Uitspraak
RECHTBANK DEN HAAG
1.[eiser] , te [woonplaats 1] ,
[eiseres], te [woonplaats 1] ,
1.[gedaagde 1] , te [woonplaats 2] ,
[gedaagde 2], te [woonplaats 2] ,
Rechtbank Den Haag
In deze zaak, die voor de Rechtbank Den Haag is behandeld, hebben eisers, [eiser] c.s., een vordering ingesteld tegen gedaagden, [gedaagde 1] c.s., met betrekking tot de koop van een woning. De eisers stellen dat de woning gebreken vertoont, waaronder asbesthoudende materialen en lekke kozijnen, en dat gedaagden toerekenbaar tekort zijn geschoten in de nakoming van de koopovereenkomst. De procedure is gestart met een dagvaarding op 6 oktober 2023, gevolgd door een conclusie van antwoord en een tussenvonnis van 22 november 2023 waarin een mondelinge behandeling is gelast.

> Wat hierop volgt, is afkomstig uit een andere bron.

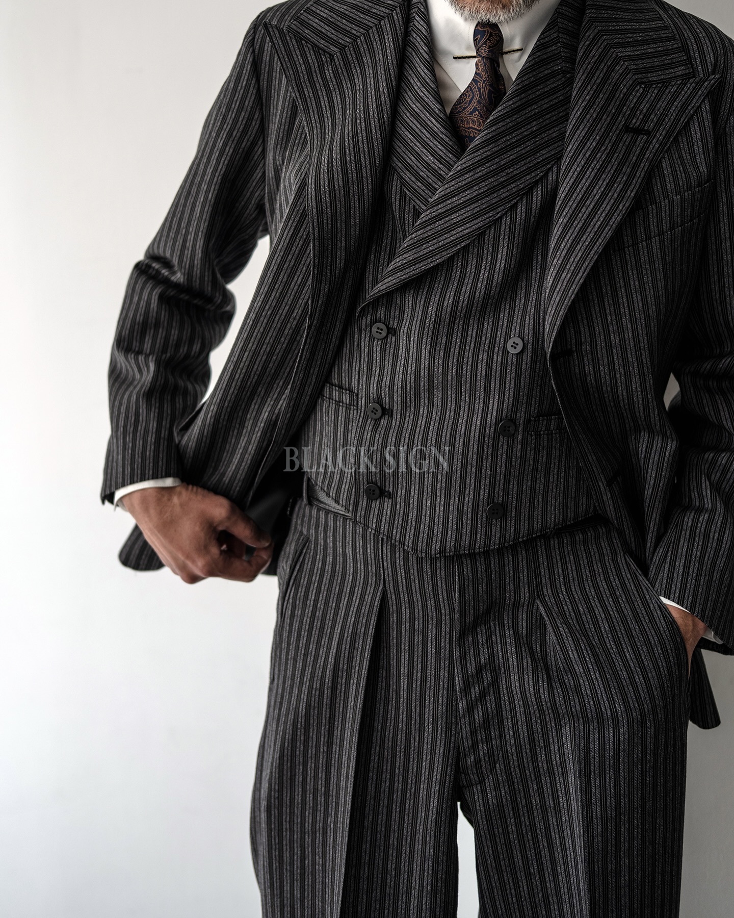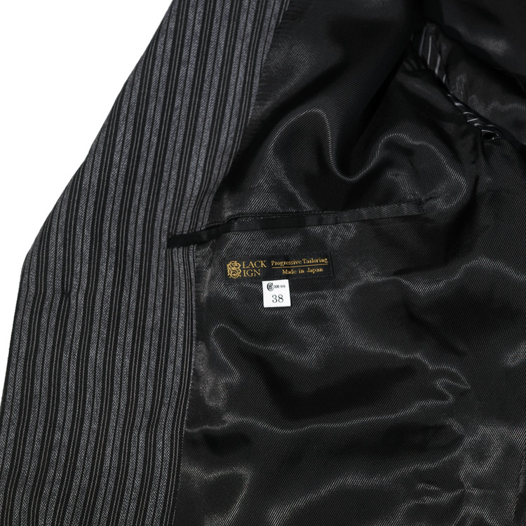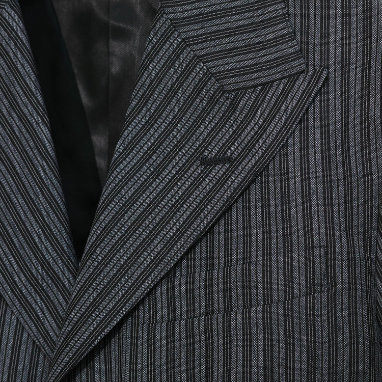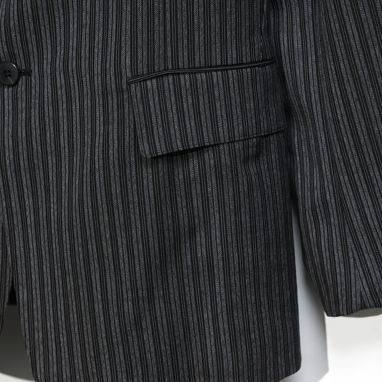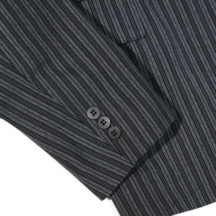 원단은 트리플 스트라이프를 굵은 번수의 실로 표현한 울 100% 원단을 사용,
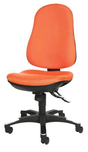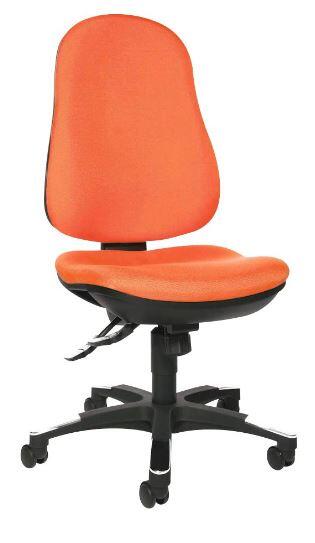 Der Topstar Trend SY 10 Drehstuhl vereint modernes Design mit herausragendem Komfort und Funktionalität. Mit seiner stufenlosen Sitzhöhenverstellung durch den Toplift passt sich dieser Stuhl perfekt an deine individuellen Bedürfnisse an. Die Sicherheitsdoppelrollen sind speziell für Teppichböden konzipiert, sodass du dich mühelos bewegen kannst, ohne den Boden zu beschädigen. Dieser Drehstuhl bietet eine maximale Tragkraft von 110 kg und ist für Personen mit einer Körpergröße von bis zu 1,92 m geeignet. Er ist ideal für eine tägliche Nutzung von bis zu 8 Stunden, was ihn zur perfekten Wahl für Büroarbeit oder Homeoffice macht. Die hohe Rückenlehne ist ergonomisch gestaltet und bietet eine Ausformung im Lendenwirbelbereich, die eine optimale Unterstützung für deinen Rücken gewährleistet. Darüber hinaus ist die Rückenlehne höhenverstellbar, sodass du sie individuell anpassen kannst. Ein weiteres Highlight des Topstar Trend SY 10 ist der Spezial-Bandscheibensitz, der eine hervorragende Abstimmung im Beckenbereich bietet und somit Rückenschmerzen vorbeugt. Die Punktsynchronmechanik ermöglicht dir eine einfache Verstellung der Sitz- und Rückenlehnenneigung, sodass du während deiner Arbeit die perfekte Sitzposition finden kannst. Der Stuhl ist in einem ansprechenden Orange gehalten und besteht aus strapazierfähigem Polypropylen. Das Kunststoff-Fußkreuz sorgt für zusätzliche Stabilität und Langlebigkeit. Der Topstar Trend SY 10 Drehstuhl ist nicht nur funktional, sondern auch ein stilvolles Möbelstück, das jedem Arbeitsplatz einen modernen Akzent verleiht.Technische Daten

Deze behandeling vond plaats op 5 april 2024, waar partijen hun standpunten verder toelichtten.
Eisers vorderen onder andere een verklaring voor recht dat gedaagden tekort zijn geschoten in de nakoming van de koopovereenkomst en een schadevergoeding van € 46.959,64, vermeerderd met wettelijke rente. Gedaagden hebben de vorderingen betwist en geconcludeerd tot afwijzing. De rechtbank heeft in het tussenvonnis van 22 mei 2024, gewezen door mr. W.M. Limborgh, de zaak aangehouden voor nadere aktes van partijen. De rechtbank wenst meer duidelijkheid over de ernst van de lekkageproblemen met de kozijnen en de communicatie hierover voorafgaand aan de koop. De zaak is verwezen naar de rolzitting van 19 juni 2024 voor de akte aan de zijde van eisers.